The PGA Tour returns to Texas at the end of May and to one of the courses most closely associated with the most revered and enigmatic champion of all: Ben Hogan. In his hometown of Ft. Worth, The Hawk won five times, including his last professional victory, at Colonial Country Club, which was founded in 1936 by his close friend Marvin Leonard. There’s even a statue of Hogan at the club and a museum dedicated to his career featuring great memorabilia from his 68 victories.

It all started 75 years ago, at the 1940 North & South Open in Pinehurst, N.C. His first individual win, it came after seven winless years on tour and as he was seriously contemplating packing it in once and for all.

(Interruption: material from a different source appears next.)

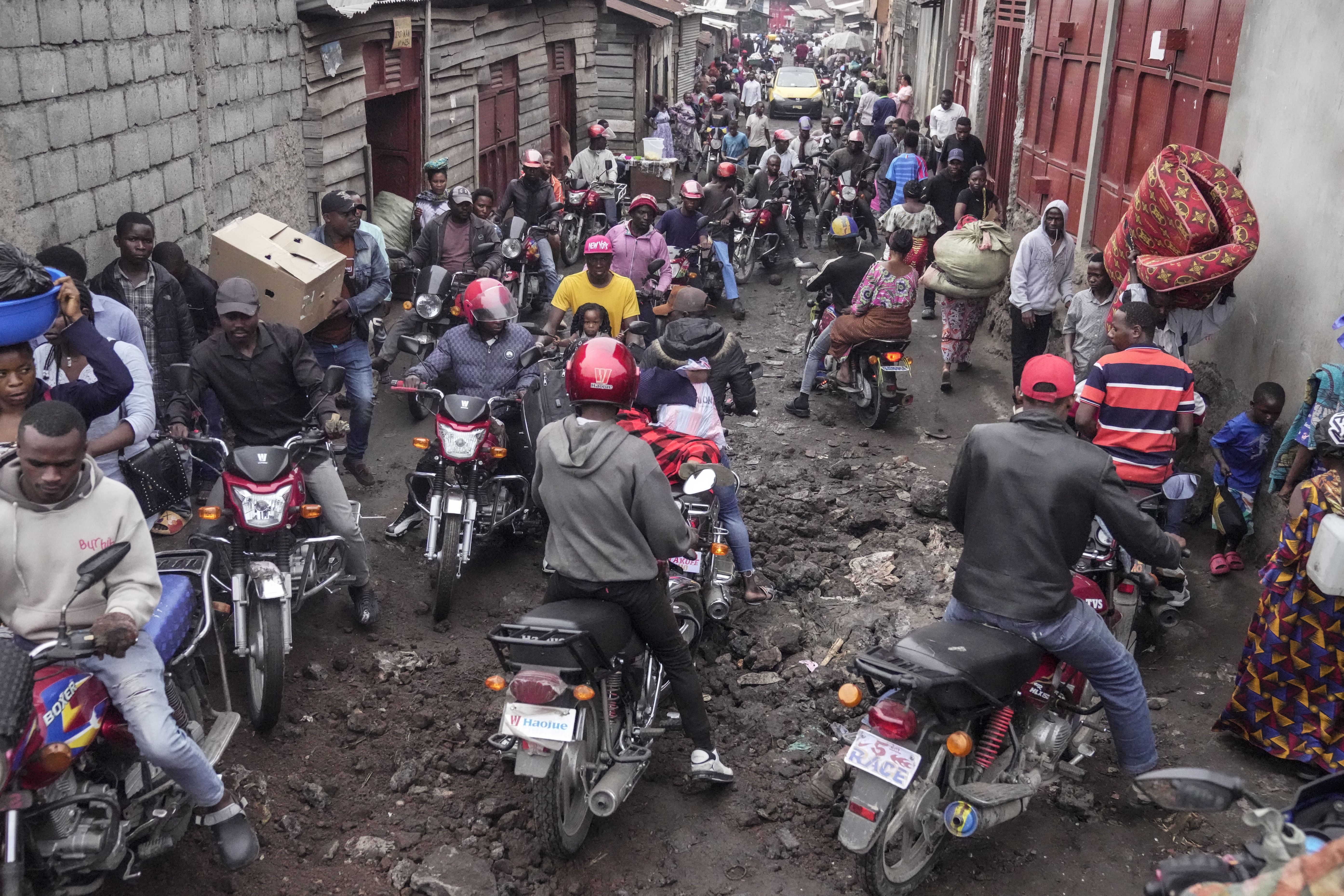 People rush to shop in downtown Goma, Congo Thursday, January 30, 2025, after the M23 rebels advanced into eastern Congo's capital Goma. (Photo by Brian Inganga/AP Photo)

In those days, top 25s didn’t lead to a cozy lifestyle like they do today. The purses weren’t very big, so you needed to win. But Hogan had earned a reputation as someone who couldn’t close the deal. In fact, when he pulled into Pinehurst, he had bald tires on his car and just $30 in his pocket.

It wasn’t an easy road on or off the course. He once had the tires stolen off his car on the way to a tournament. He routinely dropped off the tour to make money, working as a bellhop and card dealer at a casino, or at non-prestigious golf clubs where he tried to eke out a living selling balls and giving lessons.

But the three-stroke victory over Sam Snead in the North & South and the $1,000 first-place check changed all that. It was the first of three straight wins and was the launching pad for his legendary career. “Ben told me that if he hadn’t won at Pinehurst, he might well have quit the tour,” journalist John Derr, who knew him well, once said. Hogan himself called it his most important win.

So what happens if Hogan doesn’t win in Pinehurst? Perhaps no swing that so many tried to copy. Maybe no digging it out of the dirt. No comeback from a car wreck. No 1-iron at Merion. No three majors and an unbeaten season in 1953. No nine major wins in 16 starts. No famous instruction book. No legend.

And no statue and museum at Colonial.